■ **Exercise goal**
Return the line containing "Ingrediente:Extract de rasina" together with every later line up to the end of the records, exactly and with no pictures; return nothing else.

■ **Given data**
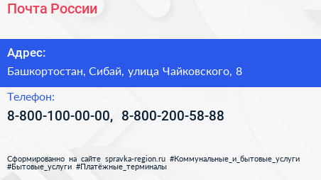 Почта России по адресу Башкортостан, Сибай, улица Чайковского, 8 в дальнейшем Организация, размещена в следующих категориях:
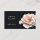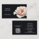 This elegant luxury business card features a blush pink painted rose on a black background. With a scannable qr code on the backside.
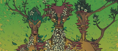 There’s an elegiac sense to Culbard’s framing as Wren tells her story. Edginton tells us out about the infant she lost, while the art focuses on the cracked and weathered cog that acts as a grave marker, sitting half-submerged in a swamp. We see the freshly shorn locks of Septimus’s hair falling to his feet, as Wren recounts his inability to deal with the grief sending him in a retreat back to the faith of the Prime Numbers. A panel of proud new parents cradling a newborn are instantly juxtaposed with the moment they encounter the unthinkable. It’s heavy stuff, but never overly sentimental.
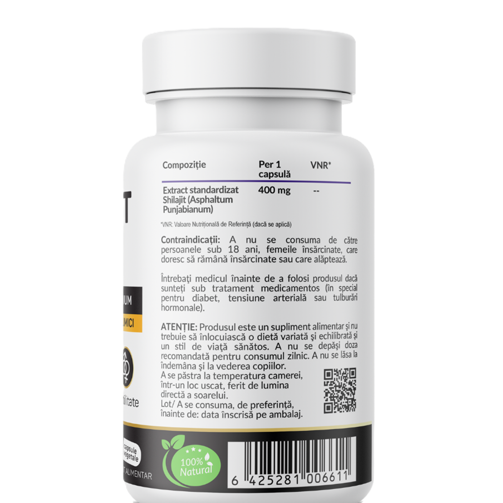 Ingrediente:Extract de rasina de Shilajit Mumio (Asphaltum Punjabianum) – 400 mg, capsula vegetala.
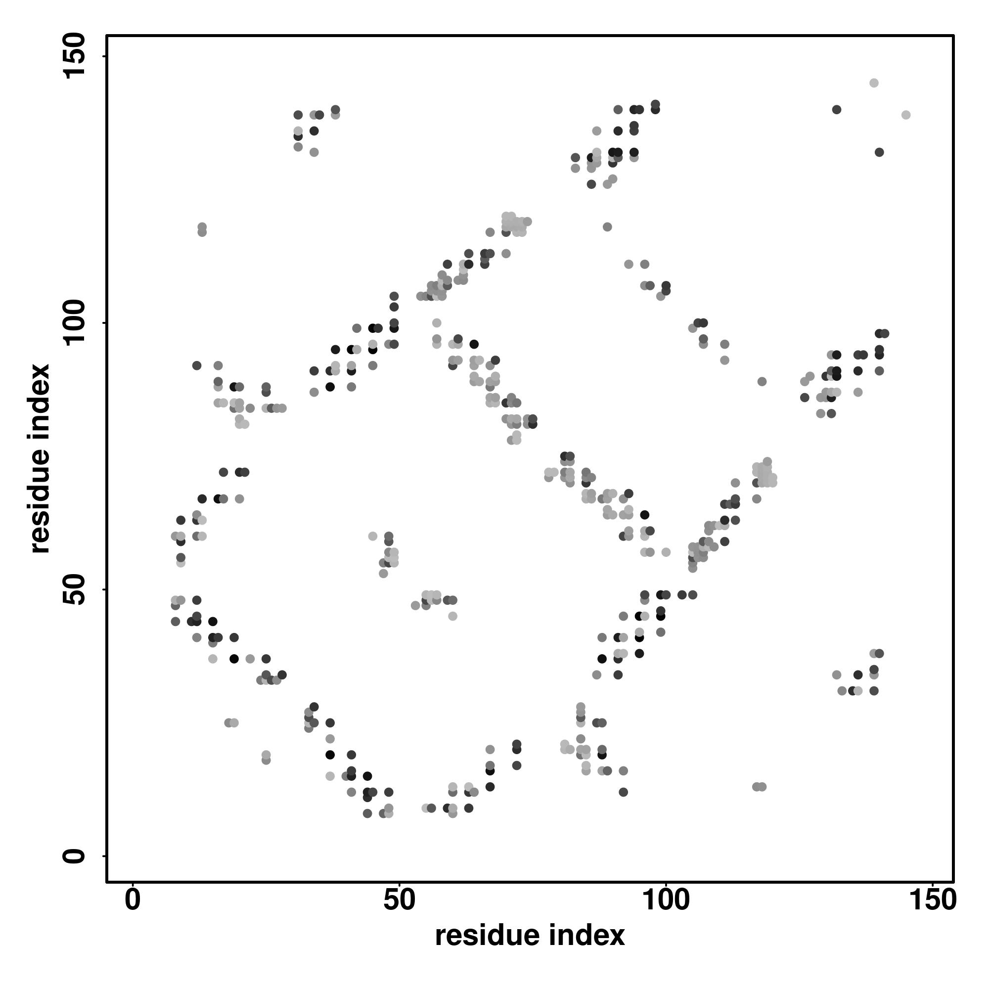 For the contact map, each dot represents a residue pair with predicted contact,
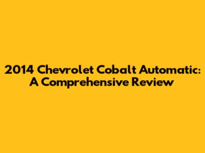 2014 Chevy Cobalt Automatic: A Comprehensive Review
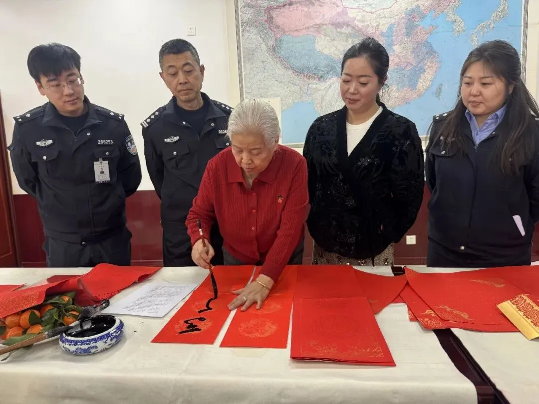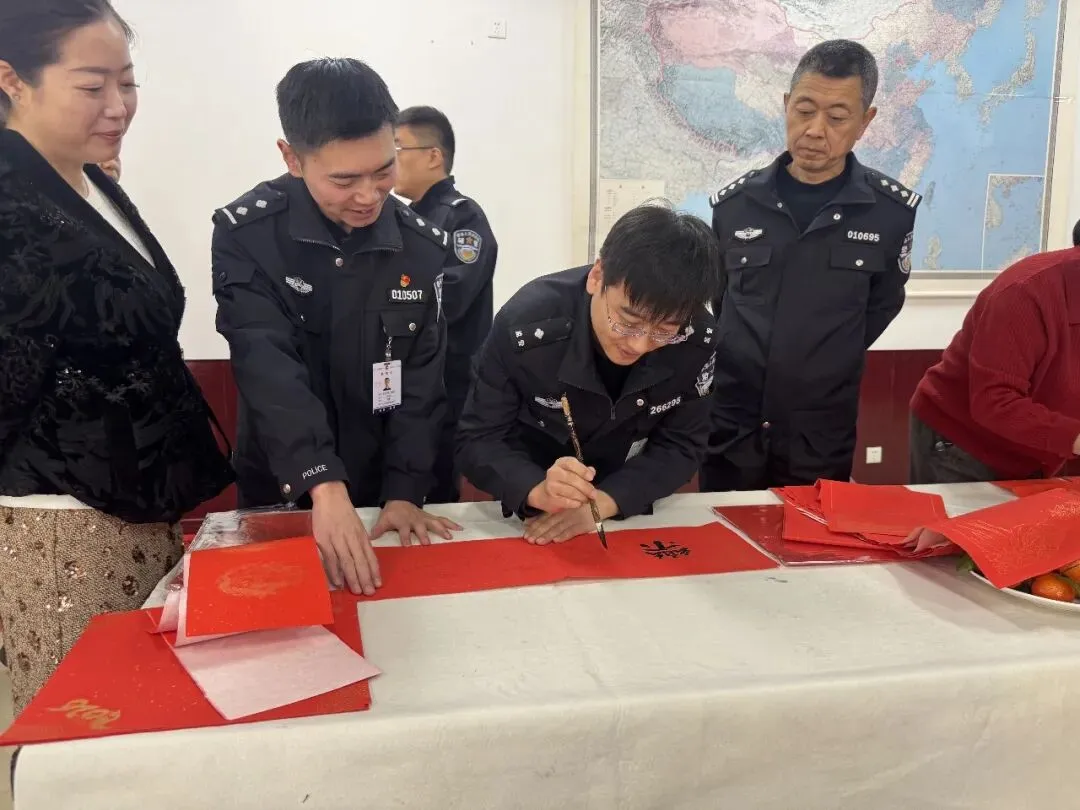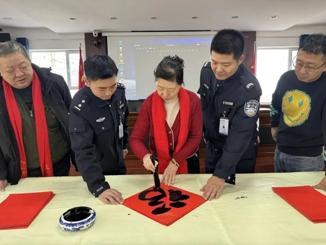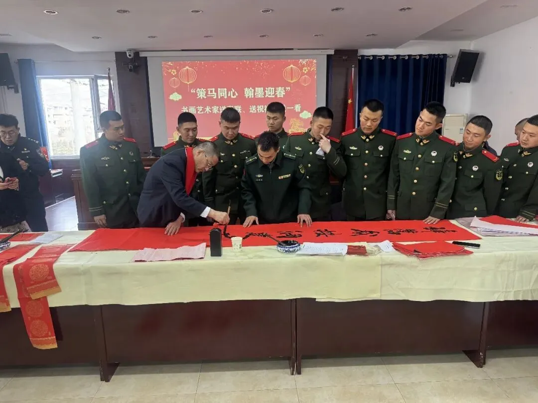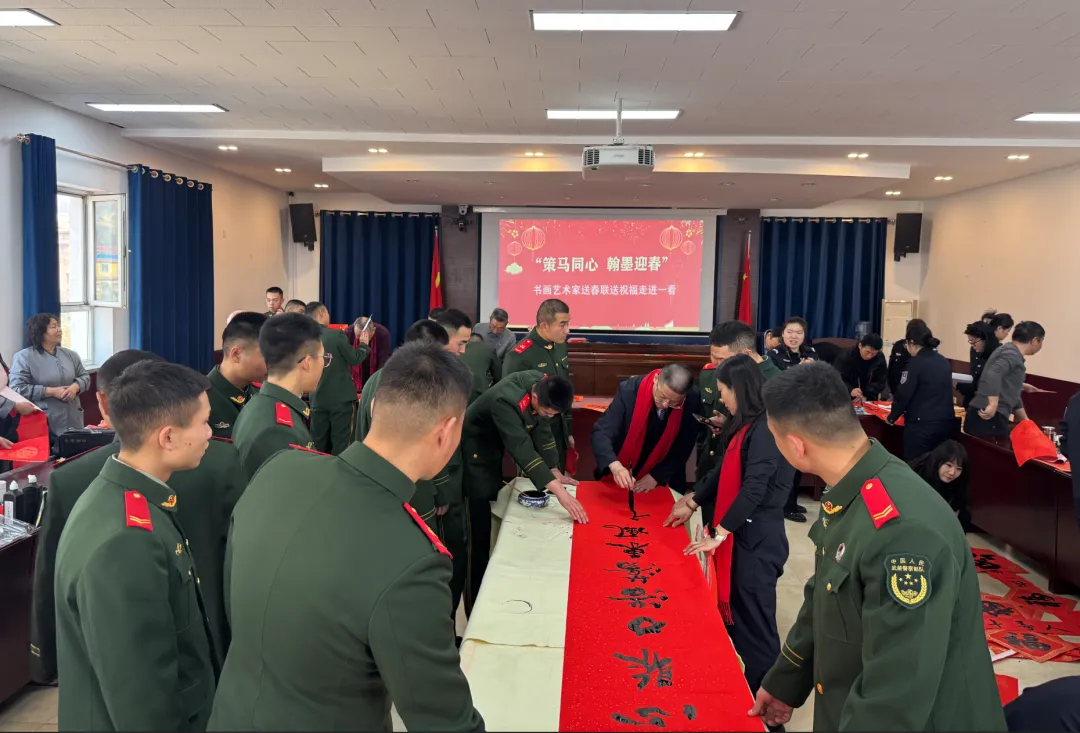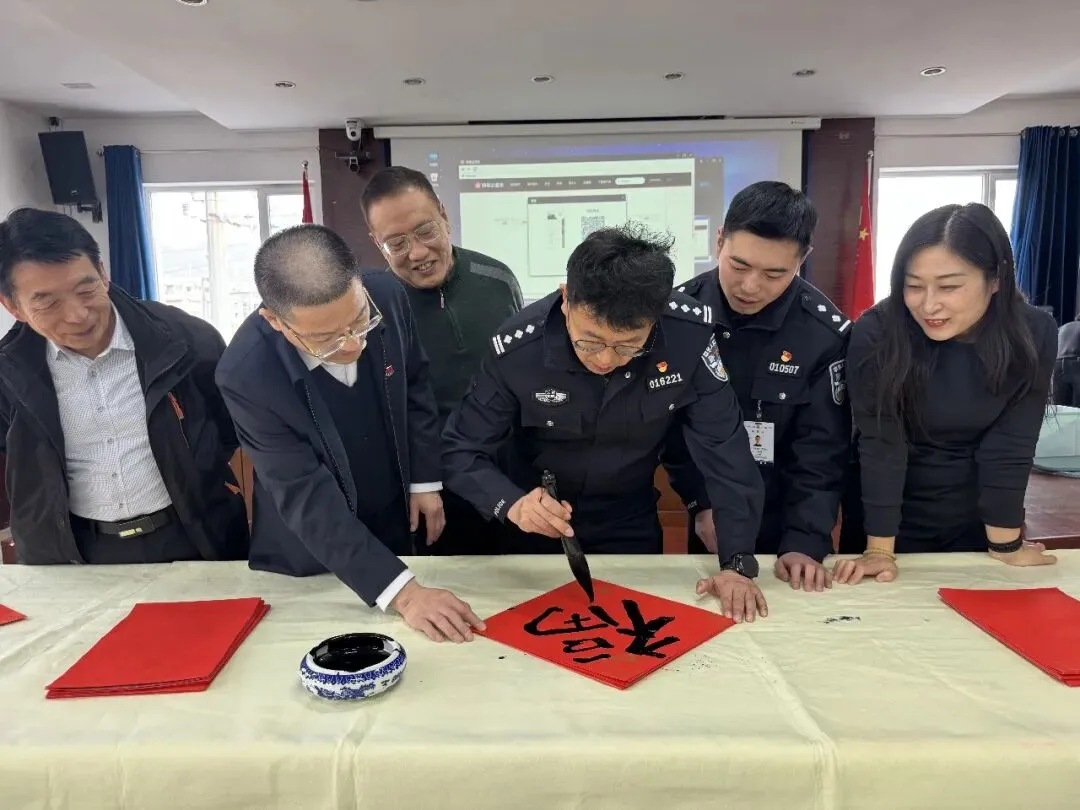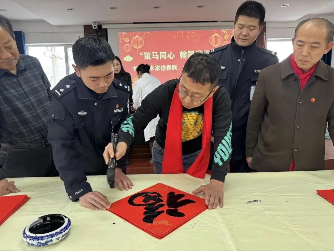 岁序更替,春潮渐涌,在马年新春佳节来临之际,为深入弘扬中华优秀传统文化,传递社会各界对公安队伍的关怀与敬意,活动由山西省政协委员、山西省协会书画专业委员会主席张文生及书画院艺术家高俊、张瑞红、安益成、董福来、师小明、任跃宏、薛通川、李维亮、曹文娟、任倩倩、张如玉、王贵梅等书画艺术家满怀热忱走进警营,以笔墨为媒、以春联为礼,为长期坚守在平安建设一线的民辅警送上浓浓的新春祝福与文化滋养,让墨香浸润警营,让温情凝聚警心。一群心怀公益的书画艺术家走进太原市一看守所,开展“策马同心、翰墨迎春”送春联送祝福活动,以笔墨为媒,将新春的美好期许与人文关怀送到监管民警手中,让特殊场所里也洋溢着浓浓的年味与暖意。
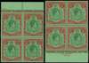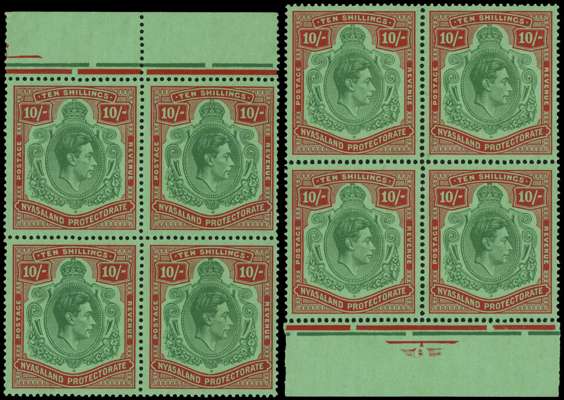 1938 10/- upper marginal block of four, unmounted o.g., #s 7-20; and a lower marginal block, #42-55, unmounted o.g. but very fragile and liable to separate into singles. SG 140, 142, £312

■ **Worked solution**
 Ingrediente:Extract de rasina de Shilajit Mumio (Asphaltum Punjabianum) – 400 mg, capsula vegetala.
 For the contact map, each dot represents a residue pair with predicted contact,
 2014 Chevy Cobalt Automatic: A Comprehensive Review
 岁序更替,春潮渐涌,在马年新春佳节来临之际,为深入弘扬中华优秀传统文化,传递社会各界对公安队伍的关怀与敬意,活动由山西省政协委员、山西省协会书画专业委员会主席张文生及书画院艺术家高俊、张瑞红、安益成、董福来、师小明、任跃宏、薛通川、李维亮、曹文娟、任倩倩、张如玉、王贵梅等书画艺术家满怀热忱走进警营,以笔墨为媒、以春联为礼,为长期坚守在平安建设一线的民辅警送上浓浓的新春祝福与文化滋养,让墨香浸润警营,让温情凝聚警心。一群心怀公益的书画艺术家走进太原市一看守所,开展“策马同心、翰墨迎春”送春联送祝福活动,以笔墨为媒,将新春的美好期许与人文关怀送到监管民警手中,让特殊场所里也洋溢着浓浓的年味与暖意。
 1938 10/- upper marginal block of four, unmounted o.g., #s 7-20; and a lower marginal block, #42-55, unmounted o.g. but very fragile and liable to separate into singles. SG 140, 142, £312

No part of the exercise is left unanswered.